News and commentary on ransomware have hit a fever pitch with recent, high-profile attacks against global software management provider Kaseya, gas supplier Colonial Pipeline, popular Cape Cod ferry service The Steamship Authority, and JBS, the world’s largest meat company by sales. The attacks highlight ransomware’s ubiquity and effectiveness among the different kinds of cyber threats. With more than 4,000 ransomware attacks occurring daily since the start of 2016 according to The U.S. Department of Justice, every company of every size, every network stack and every infrastructure deployment is a potential target.
While general cybersecurity insights are useful to frame conversations, leaders and teams across every vertical need detailed ransomware prevention tactics to safeguard their business’s data, financial health and reputation. Here are five high-priority tactics for businesses that want to prevent ransomware infection right now.
Do Some Homework: Understand What Ransomware Does and That CISA Actively Helps
It’s worth spending a morning reviewing the valuable tips, alerts and resources from the U.S. Cybersecurity and Infrastructure Security Agency (CISA). For businesses of every size, the site’s well organized checklists, assessments, frameworks, and training modules are immediately helpful — and all of it is free.
CISA’s explanation of exactly what ransomware does is a useful starting point:
“Ransomware identifies the drives on an infected system and begins to encrypt the files within each drive. Ransomware generally adds an extension to the encrypted files, such as .aaa, .micro, .encrypted, .ttt, .xyz, .zzz, .locky, .crypt, .cryptolocker, .vault, or .petya, to show that the files have been encrypted — the file extension used is unique to the ransomware type.

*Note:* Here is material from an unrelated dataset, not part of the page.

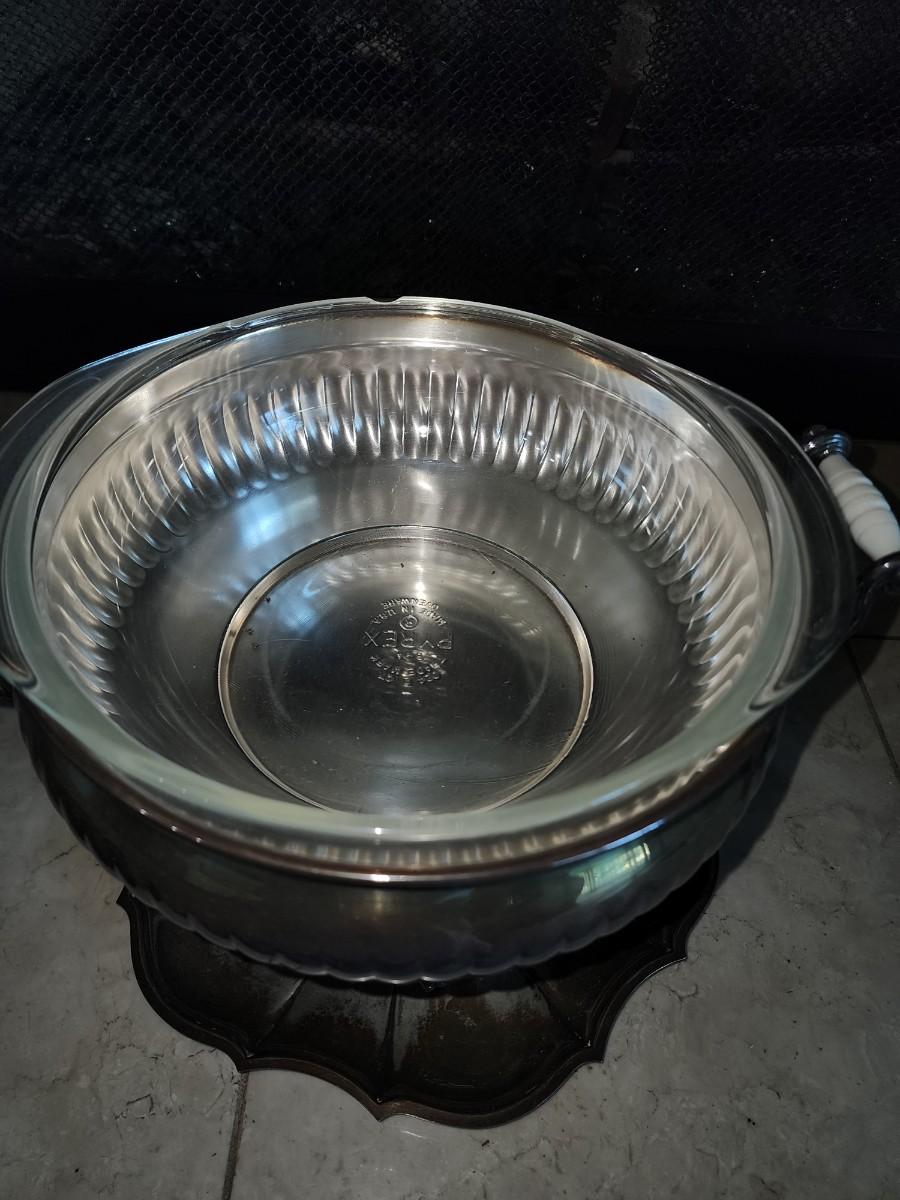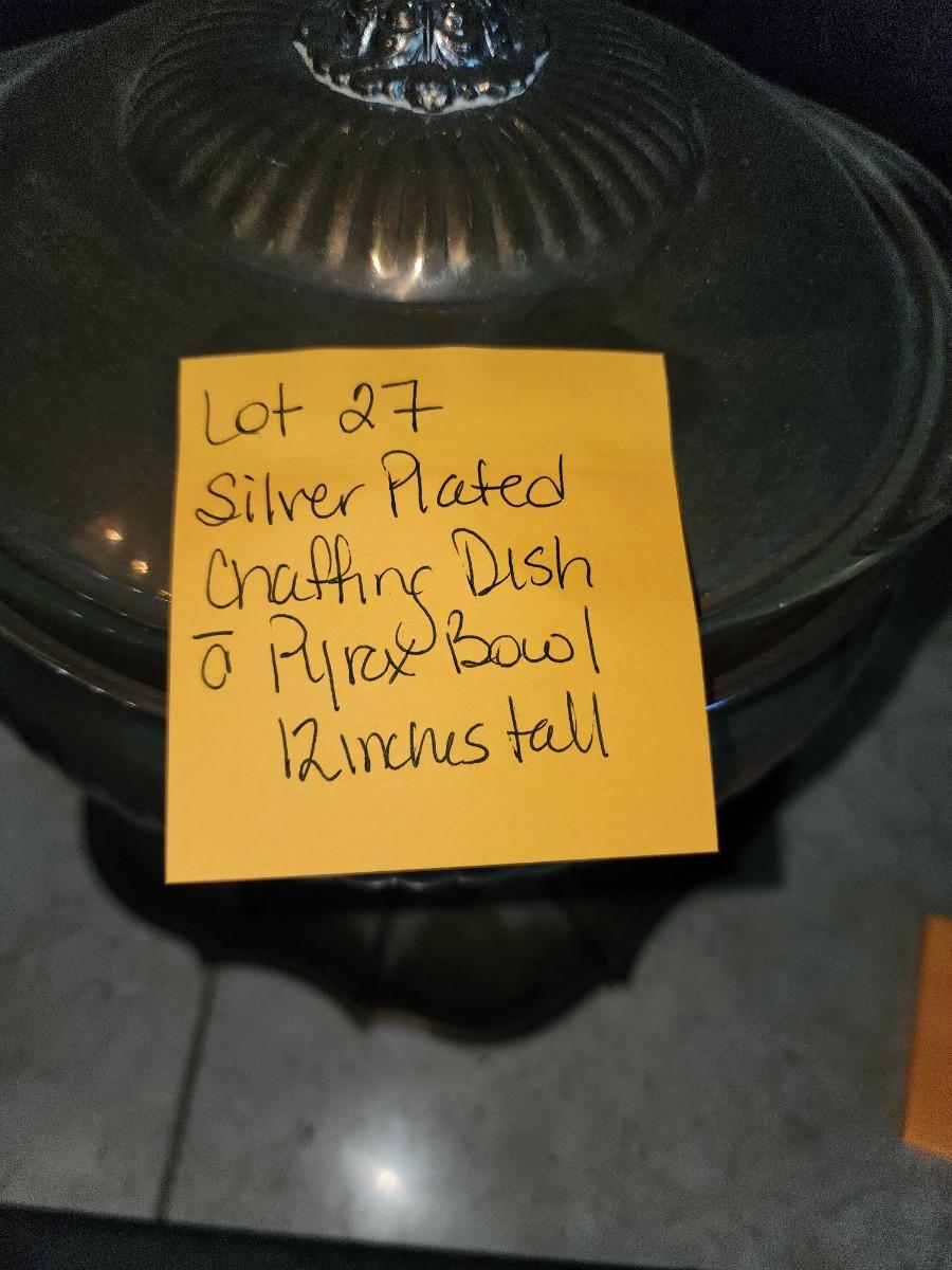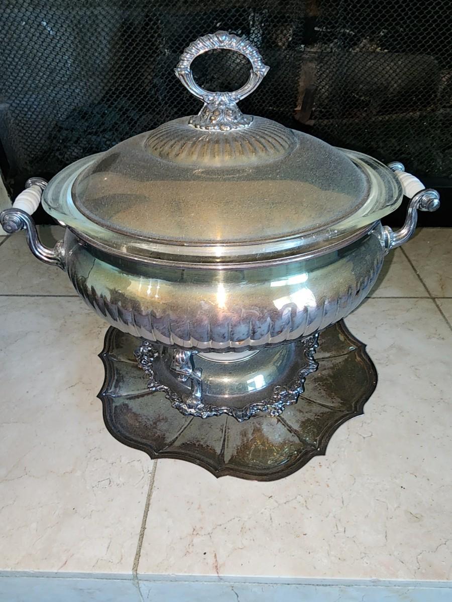 Silver plated chaffing dish with pyrex bowl
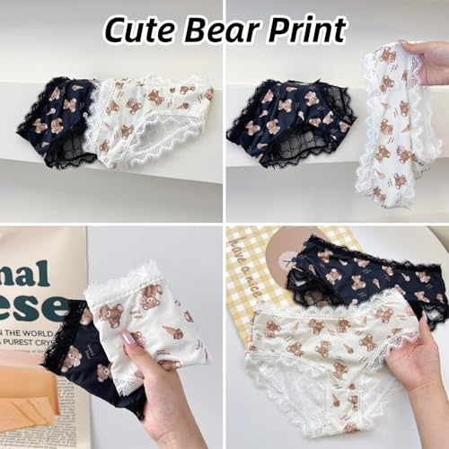 Cute Bear-printed Panties for Teen Girls Age 14-18,Lace Frilly Trim Underwear,Mid Rise Waist,Cotton Crotch,2 Pack 4

Once the ransomware has completed file encryption, it creates and displays a file or files containing instructions on how the victim can pay the ransom. If the victim pays the ransom, the threat actor may provide a cryptographic key that the victim can use to unlock the files, making them accessible.”
“[M]ay provide,” indeed. Now that the ransomware model has expanded to one that any criminal organization can purchase, i.e., ransomware-as-a-service, hacker technical expertise and “honor codes” are hardly worth the bet. Guidance from CISA and the FBI is clear on payment. Don’t do it. That means preventing infection in the first place is non-negotiable.
Do Basic Tuning Now: Filters, Authentication, Patches, and Web App Firewalls
Keeping up with the basics goes a long way to prevent ransomware attacks — which often trick users into browsing malicious emails and websites that are infected with remote-control viruses designed to hijack the target’s device. Many basic tuning tasks do not require esoteric technical expertise. Do what you can now:
- Major email systems have a “rules” section where individuals or an administrator can filter and restrict suspicious communication. Step-by-step setup in Microsoft 365 for Outlook and in Gmail is readily available on their YouTube sites and support centers.
- Require multifactor authentication (MFA) or other strong authentication method for a user to access websites and applications. MFA might include a complicated password (what the user knows) and a security token like a code sent to your mobile device (what the user has) and biometric verification like a fingerprint or face scan (what the user is). The layered defense is worth the extra few moments it takes to authenticate.
- Patch. Patch. Patch. Know all of the software in use at your business and update it as soon as releases are available. Don’t wait. CISA maintains a timely security updates list from major players including Google, Cisco, Apple, VMWare, and Citrix.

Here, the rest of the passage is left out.